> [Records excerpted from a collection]
++++

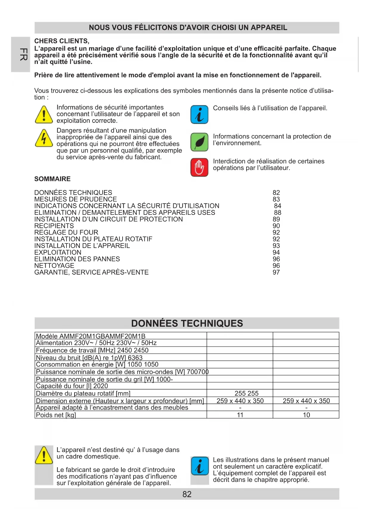 Les illustrations dans le présent manuel ont seulement un caractère explicatif. L’équipement complet de l’appareil est décrit dans le chapitre approprié.Modèle AMMF20M1GB AMMF20M1BAlimentation 230V~ / 50Hz 230V~ / 50HzFréquence de travail [MHz] 2450 2450Niveau du bruit [dB(A) re 1pW] 63 63Consommation en énergie [W] 1050 1050Puissance nominale de sortie des micro-ondes [W] 700 700Puissance nominale de sortie du gril [W] 1000 -Capacité du four [l] 20 20Diamètre du plateau rotatif [mm] 255 255 Dimension externe (Hauteur x largeur x profondeur) [mm] 259 x 440 x 350 259 x 440 x 350 Appareil adapté à l’encastrement dans des meubles - - Poids net [kg] 11 10
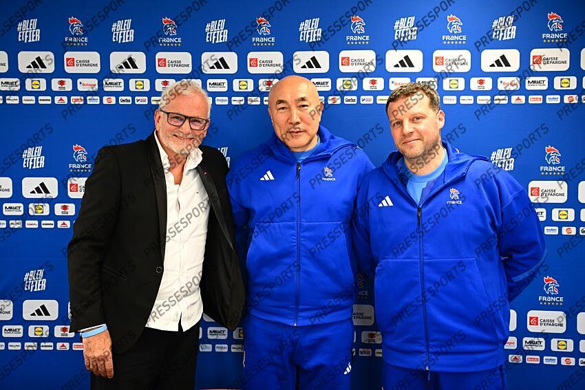 bana (philippe) dujshebaev (talant) joli (guillaume) HAND 2026 ENTRAINEMENT FRANCE MAISON DU HANDBALL CRETEIL FRANCE 16/03/2026 LAHALLE PIERRE
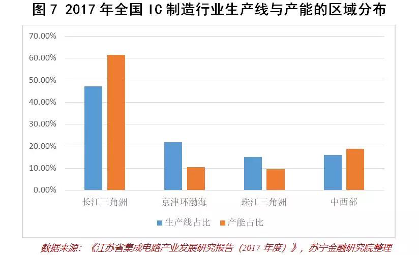 與IC設(shè)計(jì)業(yè)相比,中國IC制造業(yè)集中度相對較高。其中,長三角地區(qū)有50條,占47.2%,產(chǎn)能(折合8英寸,下同)占比61.4%;京津環(huán)渤海地區(qū)有23條,占21.7%,產(chǎn)能占比10.4%;珠三角地區(qū)有16條,占15.1%,產(chǎn)能占比9.5%;中西部地區(qū)有17條,占16%,產(chǎn)能占比18.7%。
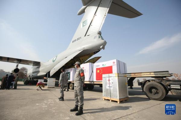 这是2021年2月1日在巴基斯坦首都伊斯兰堡附近的努尔汗空军基地拍摄的中国政府援助新冠疫苗交接仪式现场。
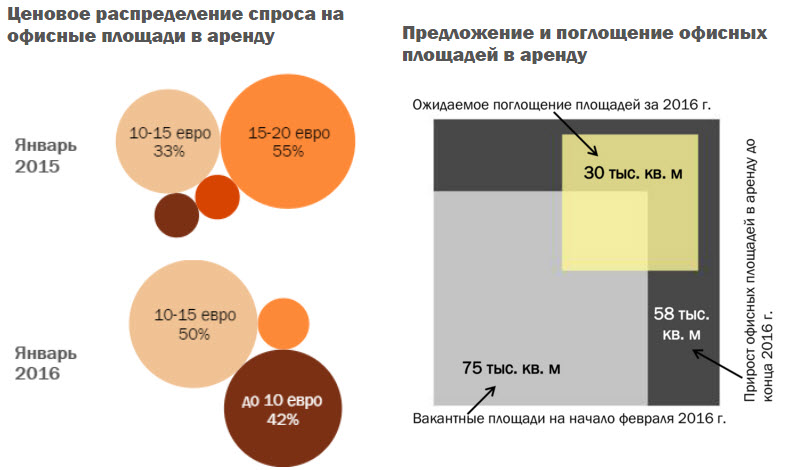 В начале 2016 в Минске было 75 тыс. м2 пустующих офисных площадей. До конца года ожидается пополнение рынка еще 78 тыс. м2. Из них 58 тыс. м2 – построены для последующей сдачи в аренду. При этом объем поглощения арендных площадей за этот год ожидается на уровне 25-30 тыс. м2 (на 30% меньше объема поглощения в 2015). Поэтому вакантность офисов в 2016 не снизится. Скорее, наоборот. Такой неутешительный прогноз основан на двух факторах:
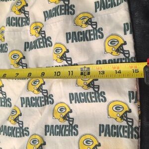 White drawstring bag with Packers logo and text in yellow and green.
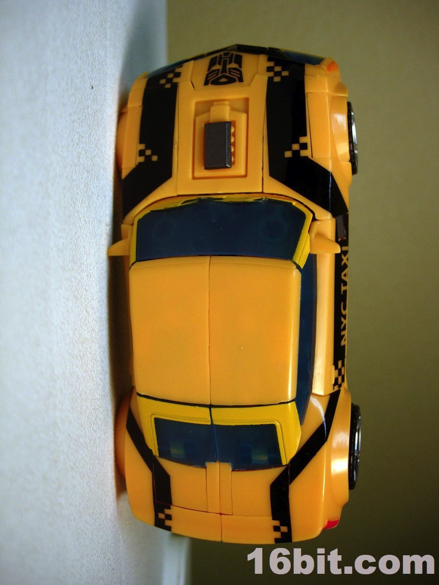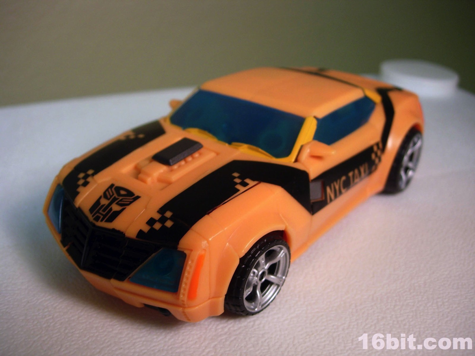 One of a few prepaints from Transformers Prime, this taxi version of Bumblebee is kind of genius. While the mold isn't exactly a cab, it is yellow, so adding some checkers and "NYC Taxi" isn't much of a stretch.
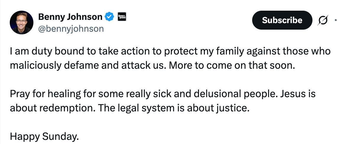 — Discovery will destroy your career beyond any possibility of redemption, Benny, which was never my intention and never in my heart because I believe that family is making you a better man, as I think it did Charlie Kirk, but this will be the inevitable result of your actions. I just want you to be honest because I believe that’s important and I believe that it is in the public interest to report on people who present one way and act another.
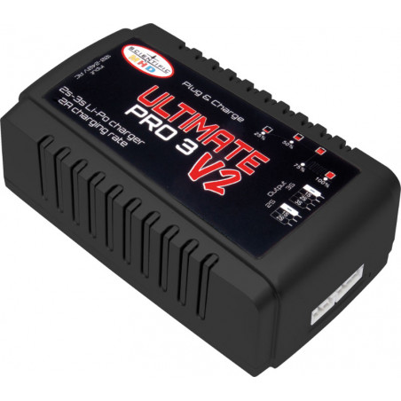La batterie livrée d’origine avec ce MOAB Brushless est une batterie LiPo de 7,4 Volts de 3000 mAh avec sa coque de protection et le chargeur un Ultimate PRO 3 (Z032069).

++++

> [PROBLEM TO SOLVE] Print the records verbatim, without pictures.

> [SOLUTION TO THIS EXERCISE]
 Les illustrations dans le présent manuel ont seulement un caractère explicatif. L’équipement complet de l’appareil est décrit dans le chapitre approprié.Modèle AMMF20M1GB AMMF20M1BAlimentation 230V~ / 50Hz 230V~ / 50HzFréquence de travail [MHz] 2450 2450Niveau du bruit [dB(A) re 1pW] 63 63Consommation en énergie [W] 1050 1050Puissance nominale de sortie des micro-ondes [W] 700 700Puissance nominale de sortie du gril [W] 1000 -Capacité du four [l] 20 20Diamètre du plateau rotatif [mm] 255 255 Dimension externe (Hauteur x largeur x profondeur) [mm] 259 x 440 x 350 259 x 440 x 350 Appareil adapté à l’encastrement dans des meubles - - Poids net [kg] 11 10
 bana (philippe) dujshebaev (talant) joli (guillaume) HAND 2026 ENTRAINEMENT FRANCE MAISON DU HANDBALL CRETEIL FRANCE 16/03/2026 LAHALLE PIERRE
 與IC設(shè)計(jì)業(yè)相比,中國IC制造業(yè)集中度相對較高。其中,長三角地區(qū)有50條,占47.2%,產(chǎn)能(折合8英寸,下同)占比61.4%;京津環(huán)渤海地區(qū)有23條,占21.7%,產(chǎn)能占比10.4%;珠三角地區(qū)有16條,占15.1%,產(chǎn)能占比9.5%;中西部地區(qū)有17條,占16%,產(chǎn)能占比18.7%。
 这是2021年2月1日在巴基斯坦首都伊斯兰堡附近的努尔汗空军基地拍摄的中国政府援助新冠疫苗交接仪式现场。
 В начале 2016 в Минске было 75 тыс. м2 пустующих офисных площадей. До конца года ожидается пополнение рынка еще 78 тыс. м2. Из них 58 тыс. м2 – построены для последующей сдачи в аренду. При этом объем поглощения арендных площадей за этот год ожидается на уровне 25-30 тыс. м2 (на 30% меньше объема поглощения в 2015). Поэтому вакантность офисов в 2016 не снизится. Скорее, наоборот. Такой неутешительный прогноз основан на двух факторах:
 White drawstring bag with Packers logo and text in yellow and green.
 One of a few prepaints from Transformers Prime, this taxi version of Bumblebee is kind of genius. While the mold isn't exactly a cab, it is yellow, so adding some checkers and "NYC Taxi" isn't much of a stretch.
 — Discovery will destroy your career beyond any possibility of redemption, Benny, which was never my intention and never in my heart because I believe that family is making you a better man, as I think it did Charlie Kirk, but this will be the inevitable result of your actions. I just want you to be honest because I believe that’s important and I believe that it is in the public interest to report on people who present one way and act another.
La batterie livrée d’origine avec ce MOAB Brushless est une batterie LiPo de 7,4 Volts de 3000 mAh avec sa coque de protection et le chargeur un Ultimate PRO 3 (Z032069).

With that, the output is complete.